In a normal scheme, irreducible components are connected components: no two irreducible components may meet, as otherwise the local ring at a point in their intersection would not be a domain, contradicting the definition that all local rings in a normal scheme are integrally closed domains. Therefore it makes sense to analyze component-by-component for Weil divisors on normal schemes, and one may just apply the relevant results on each component and conclude from there. In particular, Weil divisors are perfectly well defined on an arbitrary noetherian normal scheme.
As to the comparison between Cartier divisors (line bundles) and Weil divisors (codimension one cycles), the following material is relatively standard. We'll roughly follow Chapter 14 of Vakil's FOAG.

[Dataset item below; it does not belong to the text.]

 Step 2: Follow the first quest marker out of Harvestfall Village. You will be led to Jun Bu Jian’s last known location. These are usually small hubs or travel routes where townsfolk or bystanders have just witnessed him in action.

Definition. Let $X$ be a noetherian scheme. Define a map $\operatorname{div}$ from the collection of line bundles $\mathcal{L}$ on $X$ with a rational section $s$ not vanishing on any irreducible component of $X$ to Weil divisors on $X$ as follows:
$$\operatorname{div}(s) = \sum_{Y} \operatorname{val}_Y(s)\cdot [Y] $$
where $Y$ ranges over the codimension one irreducible subschemes of $X$, and $\operatorname{val}_Y$ represents the natural valuation.
This gives a map from the group under tensor product of isomorphism classes of line bundles with rational section to the group of Weil divisors.

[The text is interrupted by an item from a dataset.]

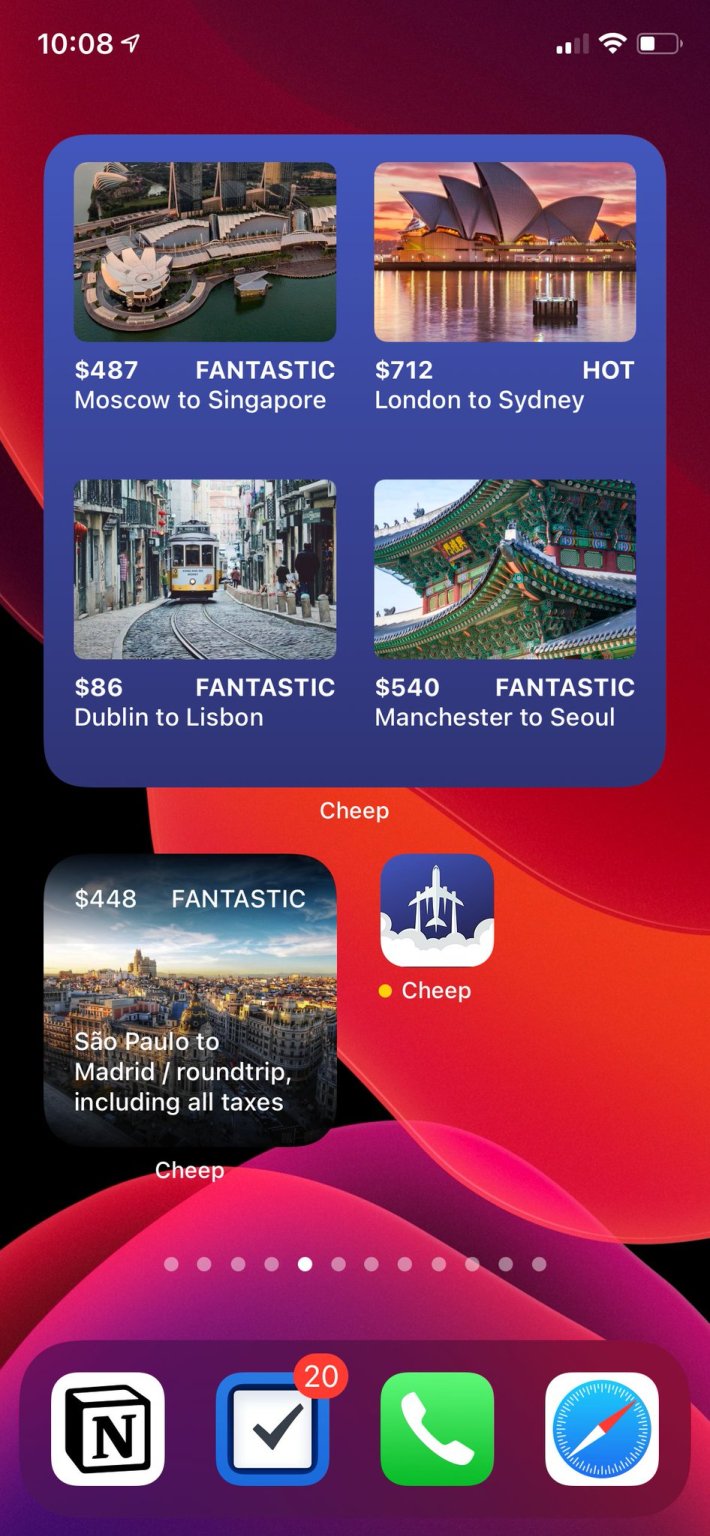 Cheepアプリを使えば、間違った運賃やその他のとんでもなく割引されたフライトのお得な情報を知ることができる。iOS 14ウィジェットは、あなたの空港のお得な情報をだけをカスタマイズ可能で、アプリを開かなくても簡単にお得な情報を入手できる。

Proposition. (Vakil 14.2.1) Let $X$ be a noetherian normal scheme. The map $\operatorname{div}(s):Pic(X)\to Cl(X)$ is injective.
This means for any normal noetherian scheme, any Cartier divisor gives a Weil divisor. We see that the reverse is not always true: the canonical example is the divisor $D$ given by the line $V(x,z)$ inside the cone $V(xy-z^2)\subset \Bbb A^3$ (Vakil exercise 14.2.H). $D$ is not Cartier, because the divisor vanishes to order 2 on the set-theoretic support of the divisor. On the other hand, $2D$ is a Cartier divisor, and this is essentially the only way in which things can go wrong.

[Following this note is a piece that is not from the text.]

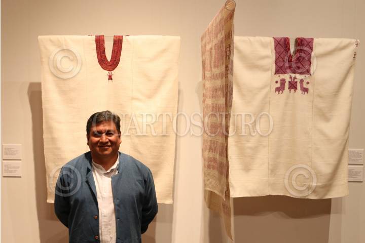 El artista Remigio Mestas Revilla durante la inauguración de la exposición "Textiles de Oaxaca".

Definition. A scheme is called factorial (or locally factorial) if every local ring is a unique factorization domain.
We note that as UFDs are normal domains, this immediately implies that every factorial scheme is in fact normal.
Proposition (Vakil 14.2.10). Let $X$ be a noetherian factorial scheme. Then for any Weil divisor $D$, the sheaf $\mathcal{O}(D)$ is a line bundle, and the map $Pic(X)\to Cl(X)$ is an isomorphism.
In particular, this means on a factorial noetherian scheme, the notions of Weil divisor and Cartier divisor are the same.